Given the records below, would you repeat exactly the lines that begin at the one containing "Take control of" and end at the one containing "Home Phoolnagar by", inclusive?

Given information ->
________________________

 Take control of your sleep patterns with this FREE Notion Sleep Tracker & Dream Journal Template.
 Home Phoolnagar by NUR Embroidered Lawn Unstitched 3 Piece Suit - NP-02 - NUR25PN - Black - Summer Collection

________________________

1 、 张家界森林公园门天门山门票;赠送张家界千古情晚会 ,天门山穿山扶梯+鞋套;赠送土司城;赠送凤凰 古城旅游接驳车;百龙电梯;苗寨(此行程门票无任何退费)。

________________________

Written answer ->
 Take control of your sleep patterns with this FREE Notion Sleep Tracker & Dream Journal Template.
 Home Phoolnagar by NUR Embroidered Lawn Unstitched 3 Piece Suit - NP-02 - NUR25PN - Black - Summer Collection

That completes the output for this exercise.